Protocol as types in Swift - Time & Space Complexity
When we use protocols as types in Swift, we want to know how the program's running time changes as we work with more objects that follow the protocol.
We ask: How does the time to call protocol methods grow when we have many such objects?
Analyze the time complexity of the following code snippet.
protocol Drawable {
func draw()
}
func drawAll(shapes: [Drawable]) {
for shape in shapes {
shape.draw()
}
}
This code defines a protocol and a function that calls the draw method on each object in a list of protocol types.
Identify the loops, recursion, array traversals that repeat.
- Primary operation: Calling
draw()on each object in the array. - How many times: Once for each object in the
shapesarray.
As the number of shapes grows, the total calls to draw() grow the same way.
| Input Size (n) | Approx.

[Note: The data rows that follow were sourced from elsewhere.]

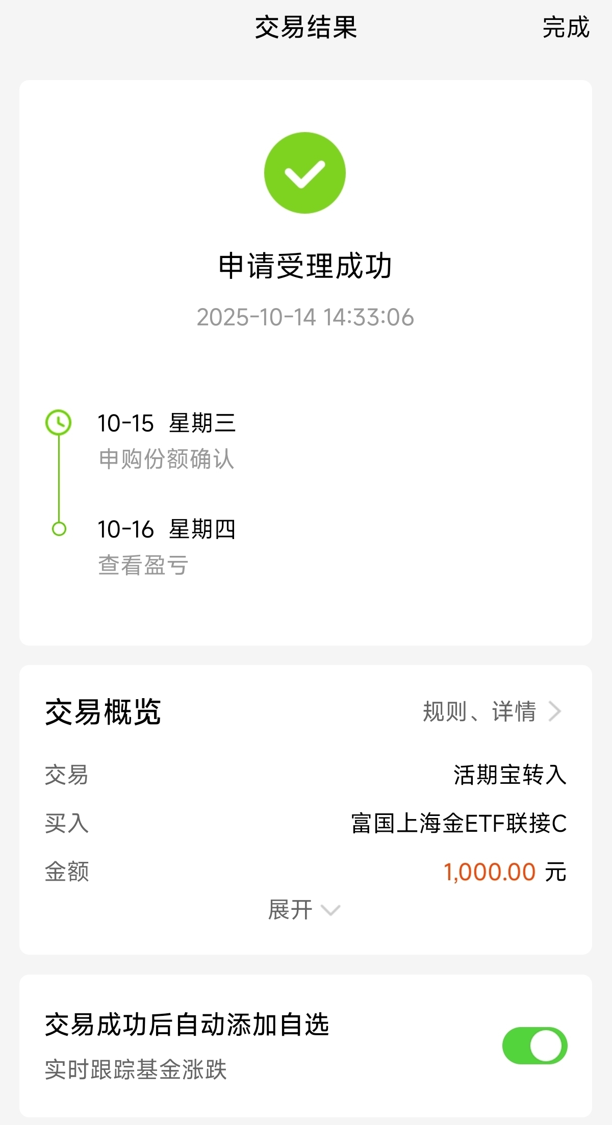 投资逻辑上,美国政府停摆与关税扰动再起,刺激了黄金避险需求。国盛证券指出:“在避险需求与流动性宽松双重因素加持下,黄金或将继续上涨。”场外投资者可以看看富国上海金ETF联接C(009505),先买入1000元,后续看情况再买。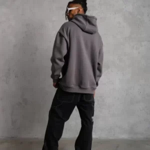 Erkek Düz Kapüşonlu Sweat – Boyalı Gri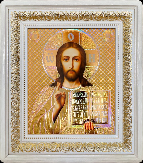 Икона в белом киоте "Господь Вседержитель" (240*275 мм) с багетом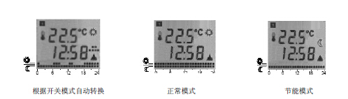 將調(diào)節(jié)運(yùn)行模式選擇開關(guān)撥到位置( )或( ) ,可自動(dòng)或手動(dòng)轉(zhuǎn)換。當(dāng)運(yùn)行模式選擇開關(guān)撥到位置“ ” ,將根據(jù)選擇的開關(guān)模式自動(dòng)轉(zhuǎn)換?蛇x擇一周內(nèi)詳細(xì)的開關(guān)模式。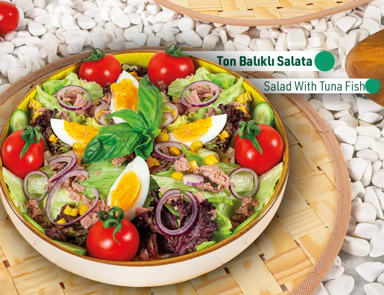 Ton balığı, Akdeniz yeşillikleri, salatalık, mısır, domates, kırmızı soğan, yumurta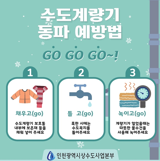 [파이낸셜경제=김기보 기자] 인천광역시 상수도사업본부는 겨울철 한파로 인한 수도시설 누수·동파 등을 예방하고, 시민들에게 24시간 안정적으로 수돗물을 공급하기 위해 내년 3월 15일까지 급수대책을 추진한다고 1일 밝혔다.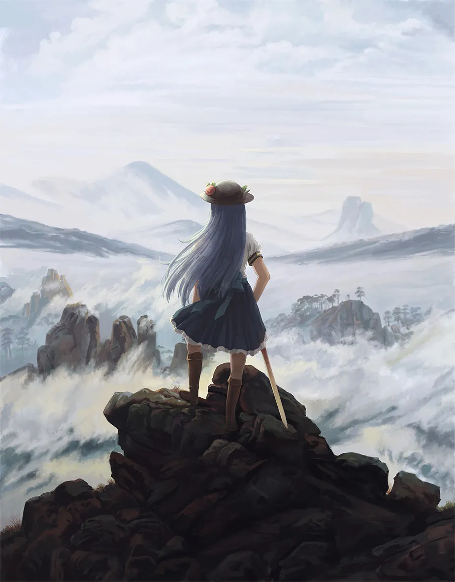 1girlabove_cloudsblue_hairbootscloudcloudy_skydaydressfaux_traditional_mediafine_art_parodyfloating_hairfoodfrom_behindfruitfull_bodyhatknee_bootslayered_dressleaflong_hairmountainoutdoorsparodypeachshort_sleevesskysolostandingsword_of_hisouvery_long_hairwind

Operations |
|---|---|
| 10 | 10 calls to draw() |
| 100 | 100 calls to draw() |
| 1000 | 1000 calls to draw() |
Pattern observation: The number of operations grows directly with the number of shapes.
Time Complexity: O(n)
This means the time to run the function grows in a straight line as you add more shapes.

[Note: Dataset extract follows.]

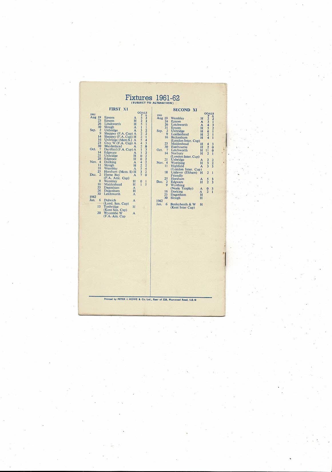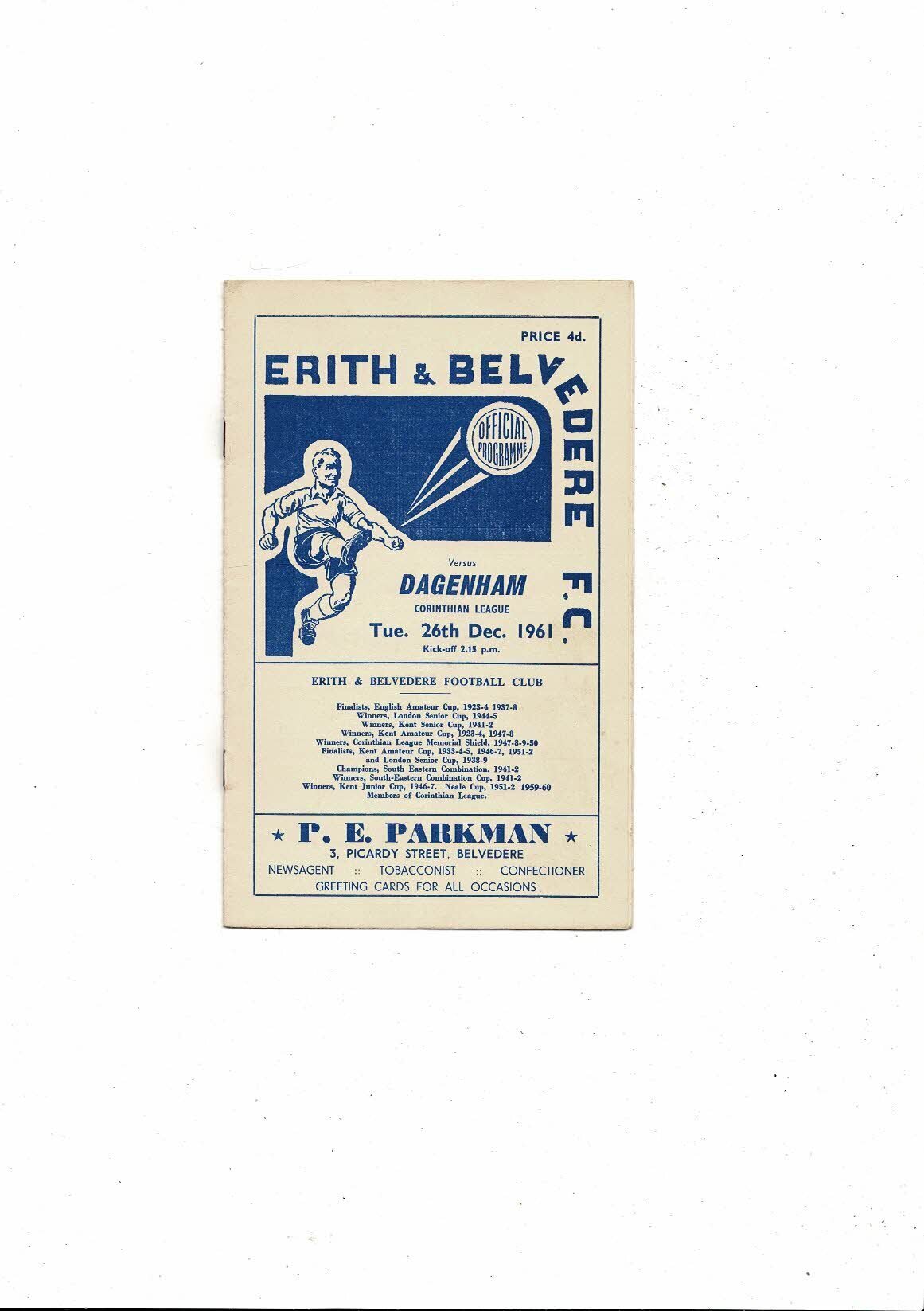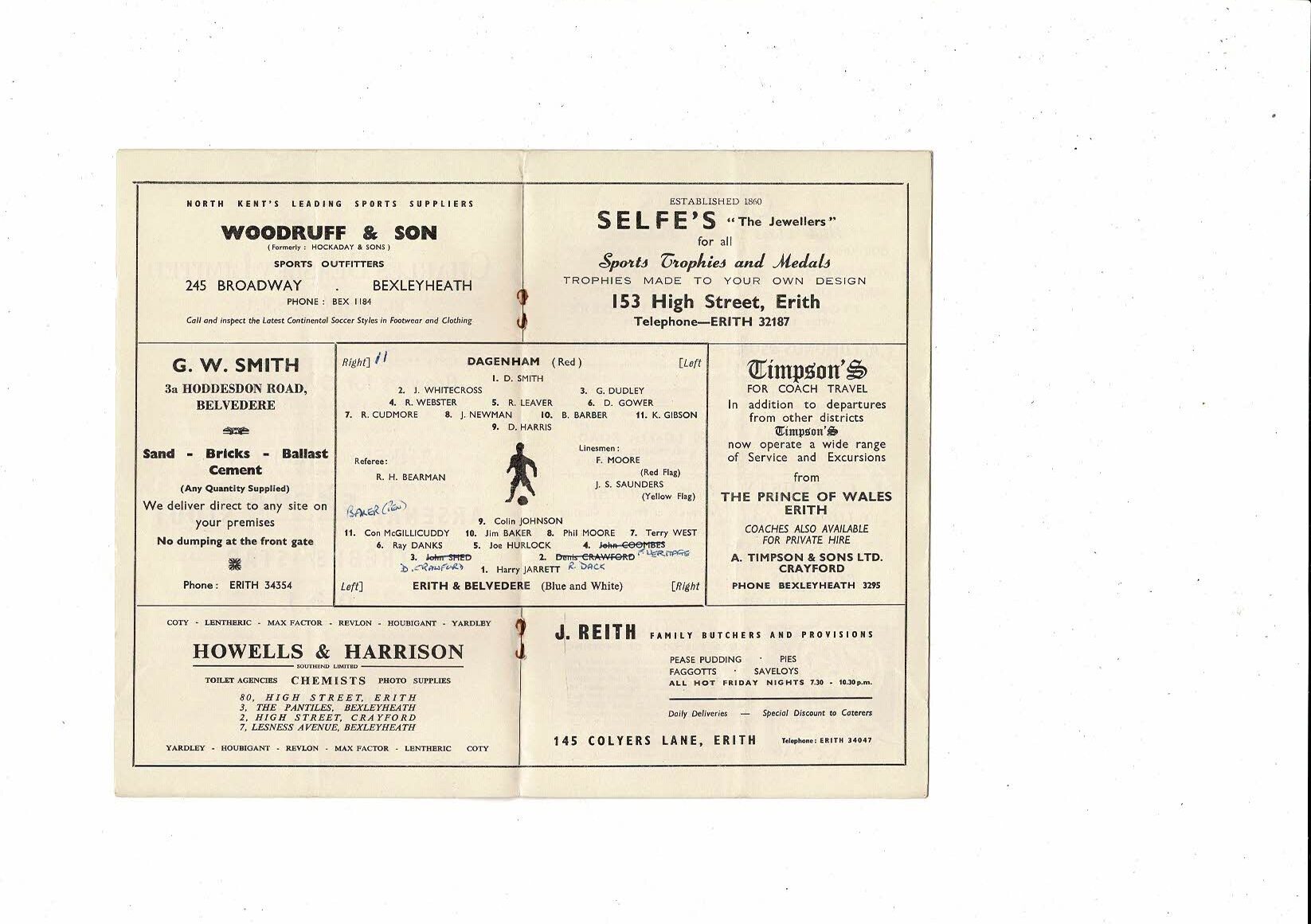 1961/62 Erith & Belvedere v Dagenham Corinthian League Football Programme

[X] Wrong: "Using a protocol as a type makes the code slower in a way that changes the time complexity."
[OK] Correct: Calling methods on protocol types does add a small fixed cost, but this cost stays the same per call and does not change how the total time grows with more objects.
Understanding how using protocols as types affects performance helps you explain your design choices clearly and shows you know how code structure relates to speed.
What if the draw() method itself contained a loop over a collection? How would that change the overall time complexity?